Step-by-step instructions

  1. Take the solid fuel stove from the Starter kit. Place a piece of aluminum foil onto the stove. Caution! Use a cork hot pad to protect the tabletop.

  2. Place the plastic ring in the center of the foil.

  3. Pour out all the solid fuel inside the ring (2.5 g).

  4. Take the press mold and push it down into the ring to make a crater with the solid fuel. Now, carefully remove the press mold.

  5. Remove the plastic ring while slightly tapping onto it.

  6. Pour in two level measuring spoons of sugar (2 g) into a vial with 0.5 g of sodium bicarbonate (NaHCO3) and close it with a cap.

  7. Shake the vial for 10 seconds to mix sugar and sodium bicarbonate.

  8. Now, pour out the mixture of sodium bicarbonate and sugar into the crater you made in solid fuel.

  9. Ignite the solid fuel – and very soon, it will grow into a black “snake”!

Graphical step-by-step instruction

Expected result

The solid fuel starts to burn. The mixture of sugar and baking soda in the flames will turn into a black "snake." If this experiment is done correctly, it is possible to grow a snake that is 15–50 cm long.

Disposal

Dispose of solid waste together with household garbage.

Scientific description

How does the snake form?

When sugar (C12H22O11) burns (combusts), it turns into water vapor and carbon dioxide. However, complete combustion requires a good oxygen supply. Other complex processes take place at high temperatures, because the flow of oxygen to the inner parts of the pile of sugar is hindered. These processes include the decomposition of sugar to give carbon and water vapor. It is this decomposition to give carbon that gives us a carbon "snake".

Why do we add baking soda (NaHCO3) to the sugar?

Baking soda decomposes when heated to release carbon dioxide (CO2):

2NaHCO3 → Na2CO3 + H2O + CO2

Baking soda is added to bread dough to make it rise, and it is the same for this experiment.

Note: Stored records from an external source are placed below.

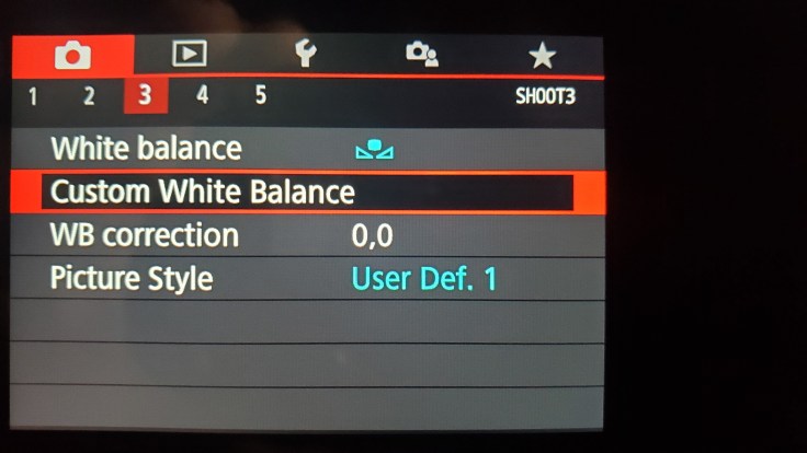 Now, go into your camera settings for white balance and set it to custom. It should prompt you to choose an image as your custom reference, which in our case is the picture we just took. In my camera, I go to the main camera menu, then select Custom White Balance, then it prompts me to choose a picture.
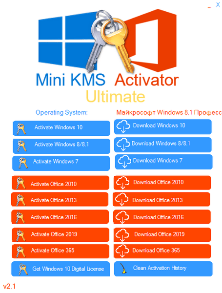 KMSOffline - активатор от Ratiborus, который может активировать Windows XP, Windows Vista, 7, Windows 8, 8.1, 10, Server 2008, 2008 R2, 2012, 2012 R2, 2016, 2019, Office 2010/2013/2016/2019.
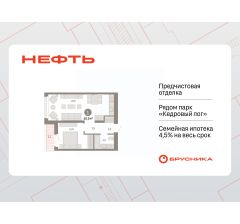 Квартира с кухней-гостиной и одной спальней в квартале "Нефть". Особенности планировки: балкон, предчистовая отделка.
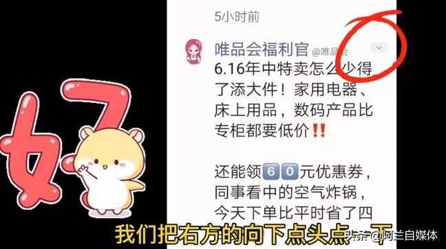 下面再给大家分享一下怎么来减少朋友圈的广告跟踪,比如说我们在朋友圈经常看到这样的广告,怎么关闭呢?我们把右方的向下的箭头点一下,立刻就出来了“我不感兴趣”的字样,我们把“我不感兴趣”的字样点一下,这个广告立刻就消失啦。
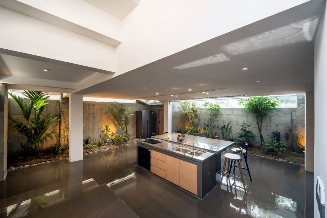 Bếp được bố trí tại khu vực tầng hầm. Nơi đây có cây xanh giúp không gian thêm phần sức sống. Ảnh: Sohu
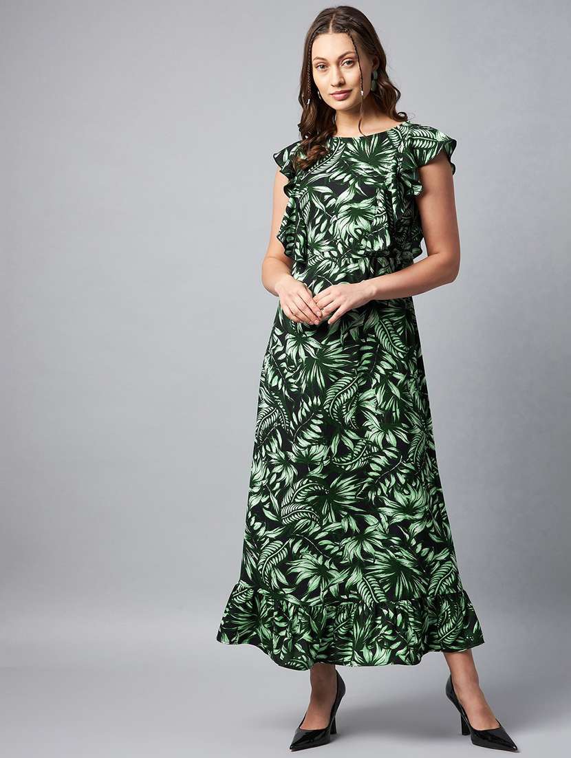 StyleStone Women's Green Leaf Printed Maxi Dress
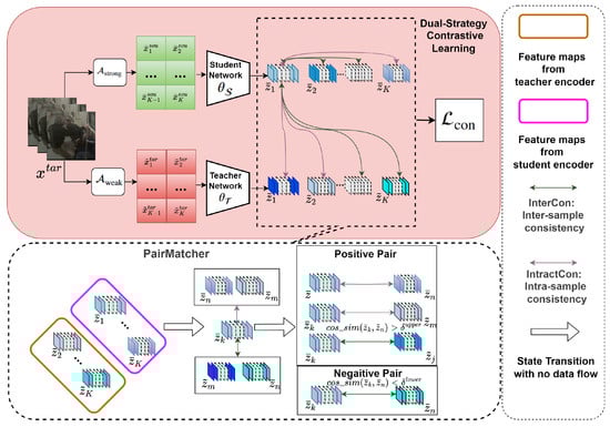 To align samples from different distributions, we propose a new contrastive learning mechanism with two key components: Intra-Sample Consistency: Treat a sample and its differently augmented versions as a positive pair, while considering all other samples as negative pairs. Inter-Sample Consistency: To identify positive pairs of the same class from different samples within a batch, we regard samples with similarity scores exceeding as positive pairs. To better distinguish samples from different classes, samples with similarity scores below within the same batch are treated as negative pairs. In this Figure, is the feature map obtained after sample undergoes the strong augmenter and is fed into the encoder in the student network; is the feature map obtained after sample undergoes weak augmentation and is fed into the teacher encoder in the teacher network. Here, K represents the number of augmentations. Contrastive learning enables the unsupervised approach of pulling closer the distance between samples of the same category in the input space while repelling samples from different categories [,]. While this mechanism is commonly applied in few-shot learning, our work draws inspiration from the core principle of contrastive learning: pulling similar samples closer and pushing dissimilar ones apart in the feature space. As illustrated in Figure 2, we propose a dual positive-negative pair matching strategy to compute the NT-Xent loss (Normalized Temperature-scaled Cross Entropy) [,] for both positive and negative sample pairs. We call the module dual-strategy contrastive learning (DCL). The input contains augmented samples by the weak augmenter and strong augmenter. These samples first undergo positive-negative pair matching via the Pair Matcher in DCL, followed by the computation of the NT-Xent loss using these pairs to achieve cross-domain sample consistency alignment. The Pair Matcher employs two distinct positive-negative pair matching methods to perform consistency alignment:
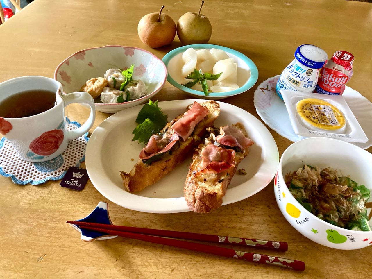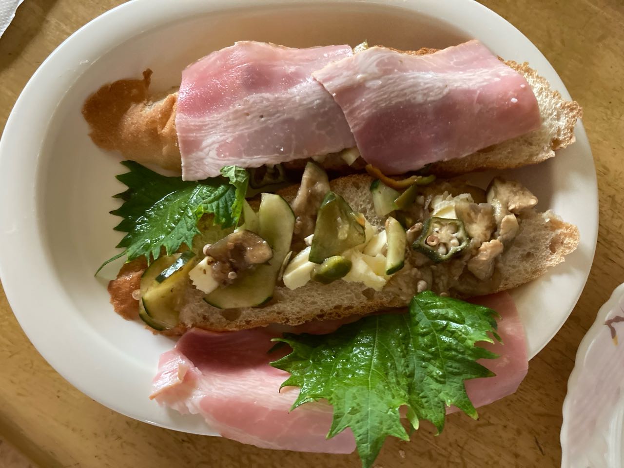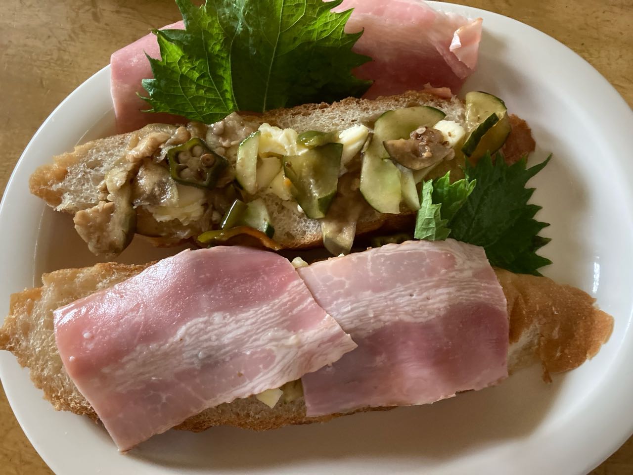 28日.孫が→数日前に☆大きなフランスパンを、買ってきましたけど、全然.手付かずで、食べないため→捨てるのが.もったいないから、今朝.私が長く切って.「野菜やベーコン」を.載せて.オーブンで☆焼いて☆→いただきました、
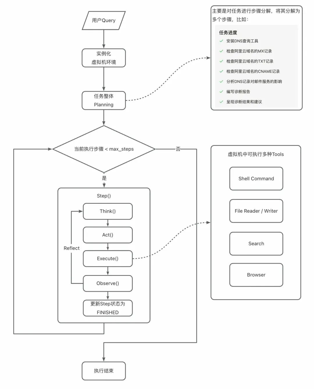 比如,测试同样的邮箱域名解析检测逻辑,基本实现了多步调用命令工具的过程,并且根据调用结果模型总结出了相应的原因分析和解决方案,可以说简单的复刻了Manus的效果,基本上有那味了:

The carbon dioxide and water vapor that is given off make the snake light and airy, which allows the snake to grow.

What is this "snake" made of?

The "snake" consists of mainly carbon that comes from the heated sugar, but which was not burnt in the flame. The carbon is what makes the "snake" black. There is also Na2CO3 in the snake, which results from the decomposition of the baking soda when heated.

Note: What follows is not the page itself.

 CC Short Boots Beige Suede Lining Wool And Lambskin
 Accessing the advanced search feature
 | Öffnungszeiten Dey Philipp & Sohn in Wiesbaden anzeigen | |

What chemical reactions occur in the process of formation of the "snake"?

The three main reactions in this process are:

  • Combustion of sugar (good oxygen supply available) to give carbon dioxide and water vapor:

С12H22O11 + 12O2 → 12CO2 + 11H2O

  • Thermal decomposition of sugar to give carbon and water vapor:

С12H22O11 → 12C + 11H2O

  • Thermal decomposition of baking soda to give sodium carbonate, carbon dioxide, and water vapor:

2NaHCO3 → Na2CO3 + CO2 + H2O

That's interesting!

What is sugar and where does it come from?

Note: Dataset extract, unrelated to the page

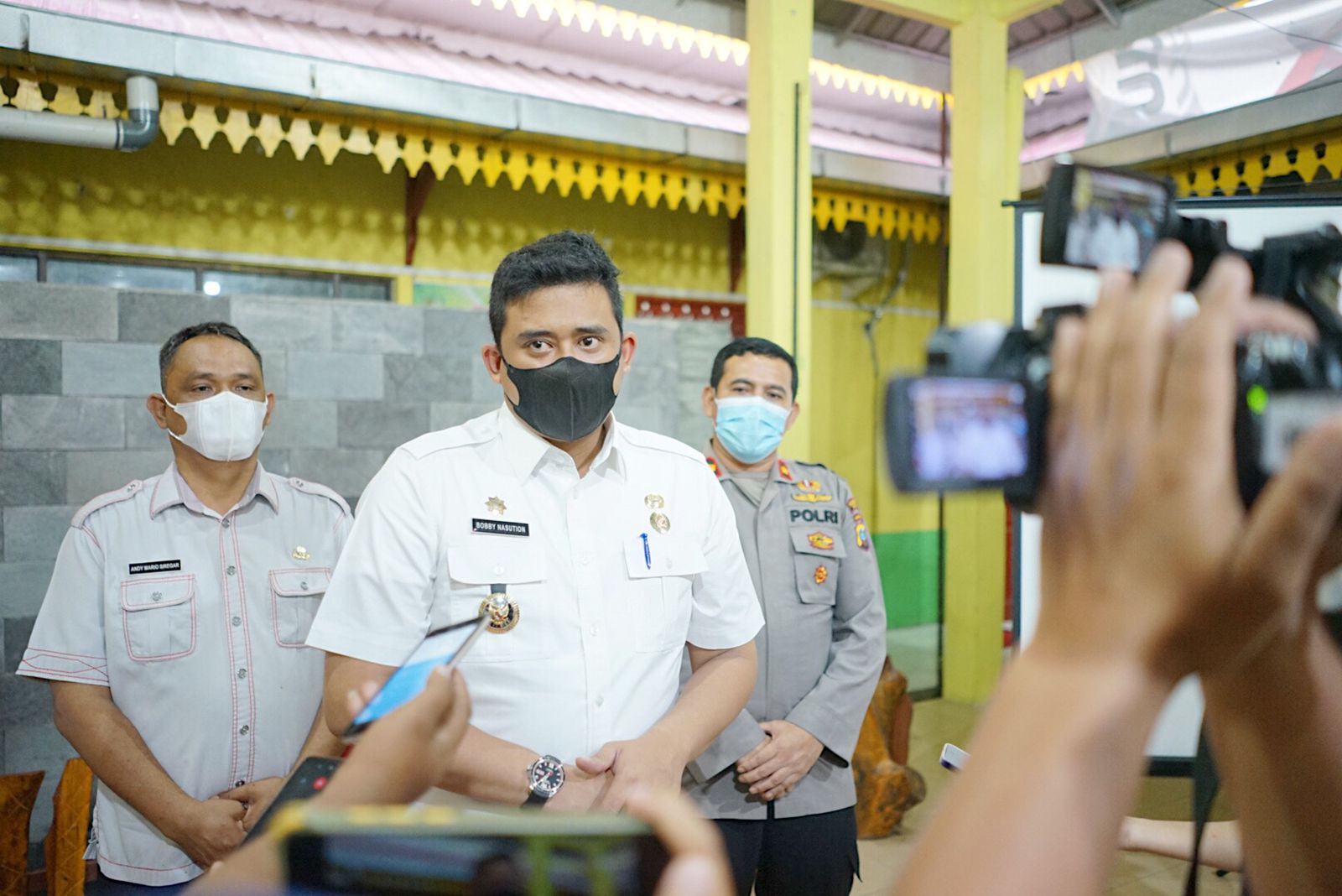 Wali Kota Medan Bobby Nasution saat memberikan keterangan kepada media di kantor Camat Helvetia

A sugar molecule consists of carbon (C), oxygen (O), and hydrogen (H) atoms. This is what a typical sugar, sucrose, looks like:

Sugar molecule

It is a little hard to make out the structure of sucrose from this image. Download the application MEL Chemistry on your smartphone or tablet so that you can twist and turn the sugar molecule and look at it from different sides to better understand its structure. Look for "sucrose" in the app.

The sucrose molecule is composed of two parts connected to each other by an oxygen atom (O). The two parts are glucose and fructose, which you may have heard of. Glucose and fructose are called simple sugars. Normal, household sugar is called a complex sugar, which means that the sugar molecules consist of several (two) simple sugars.

Here is what the simple sugars look like:

Glucose:

Glucose molecule

Fructose:

Fructose molecule

Sugars are important building blocks in plants. Plants produce simple sugars from water and carbon dioxide during photosynthesis. Simple sugars can be linked together to form small molecules, such as sucrose, or to form long chains. Starch and cellulose are examples of long-chain sugars that are made up of simple sugars, also known as polysaccharides. Plants use sugars as building materials and for nutrient storage.

The longer the sugar molecule, the more difficult it is for our bodies to digest it. Therefore we tend to love sweet things, which contain short, simple sugars. But your body was not designed to eat many simple sugars, and in nature they are rare. So be careful of the number of sweets you eat!